Doing The Pepsi Challenge between Bush's proposed resolution and the Tonkin Resolution conjures up possibilities that'll have me sleeping with the light on for quite awhile. Or, am I just being unreasonably cynical? Maybe. But, in the final analysis, the Bush Administration's Iraq policy boils down to this: these men are either evil or stupid. There's really not much middle ground. Rallying America for a just cause would seem to invite if not require bipartisanship, and eschewing even the appearance of politics. No component of Bush's mealy, meandering attempts to convince us of the rightness of his cause presents any compelling reason why the whole matter couldn't be tabled until the new congress is seated in January. The merits of his case are not my issue here so much as the timing, the urgency being so seemingly transparent. For all I know, the president has a valid case for this policy, but he squanders it on brazen political opportunism, which makes me question his ethics and, therefore, his judgment.

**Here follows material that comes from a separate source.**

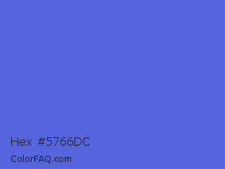 Hex #5766dc Color is a normal blue color and the nearest color is Royal Blue #4169e1. Hex code #5766dc and RGB value is rgb(87,102,220). In RGB color space, this color is composed of 34% red, 40% green, 86% blue, In CMYK color space, this color is composed of 60% cyan, 54% magenta, 0% yellow , 14% black , In HSL color space, this color has a hue angle of 233° , 66% saturation and 60% lightness.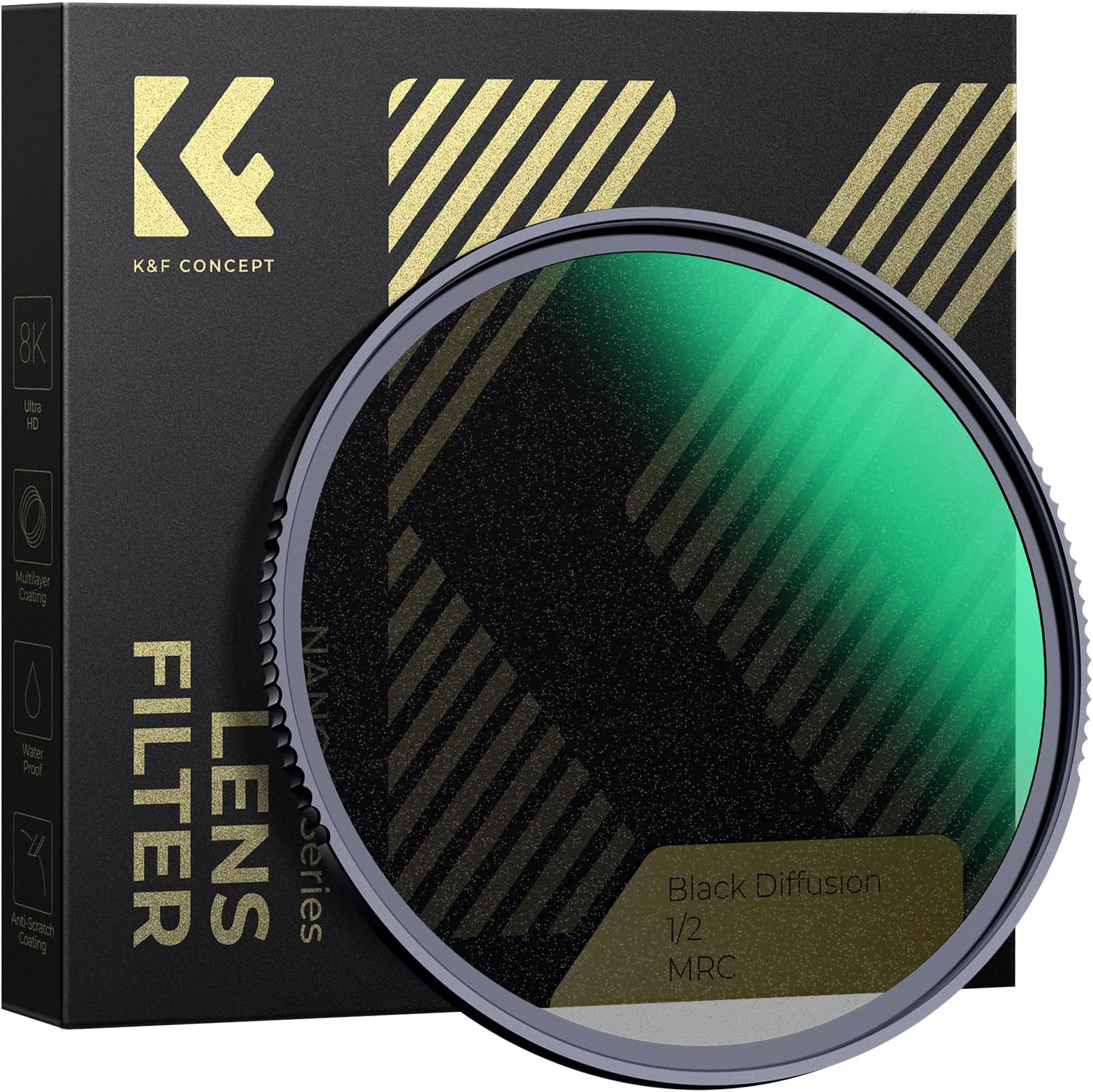 K&F Concept Black Soft Diffusion Filter 1/2 Special Effect Filter Creates Cinematic Dream Hazy Effect with Multi-Layer Coated for Camera Lens

I think it interesting to note Osama bin Laden's disappearance from the White House daily theme. The president has successfully turned our attention away from Osama, the other mission we've spent billions of dollars and killed thousands of people without a successful or satisfying conclusion to those matters, and focused us on his next multi-billion dollar expenditure and epic loss of life that will not only end inconclusively but will likely plunge this country into deep recession if not depression, de-stabilize the Middle East, and initiate a wave of terrorism against this country unprecedented in this nation's history. The president's reasons for pursing his course seem to change daily. There is a Reason Of The Day, like a child desperate for a new bike, pressing his cause with ever new and largely unsubstantiated and unverifiable claims. Watching the poll numbers, Bush recently linked Saddam with Osama, an extremely unlikely paring, as my friend G. Edward Jones, Jr. pointed out on my weblog:
Other Reasons of The Day imply alliances with Iran (laughably unlikely), arming and supporting the Palestinians (more likely, but nobody believes we're going to war to bring peace in Israel), and, most unworkable, the notion that Saddam might someday attack us. Currently, the Bush drum beat is about nukes. The president danced around Saddam Nukes for months, then kind of intimated Saddam Nukes, but now, ever more intent on panicking the American public, he is all but saying Saddam has nukes (but no enriched uranium to blow them up). The president's southern drawl, regrettably, has him clearly and painstakingly enunciating (with, as Dana Carvey pointed out on a recent Letterman appearance, a smug look of satisfaction when he pronounces the big words correctly). The word nuclear is often pronounced by this president as "nuculer," which, for me, really doesn't help me take him seriously. The administration is throwing everything at the wall to see what sticks, and nukes tend to stick. The notion of a terrorist setting one off in Times Square scares the bejezus out of all of us, as it should. But, making the American people believe attacking Saddam will somehow prevent that is, for me, as heinous as the potential terrorist act itself. There are any number of states out there with the bomb, including our allies, like Israel and India, and hostile states like North Korea. I think it inevitable that terrorists will someday have nuclear capability and the capacity to deliver it to our door. Should we work like hell to prevent that? You bet. But creating the myth that all roads lead to Baghdad, and that regime change will guarantee our safety, is a pretty cruel lie to foist on the American people. We are an open society. We are not safe. 9|11 has demonstrated to all the nut jobs in the world just how vulnerable we truly are, and that they've been, mostly, wasting their time going after our embassies and military installations when our mainland remains incredibly vulnerable.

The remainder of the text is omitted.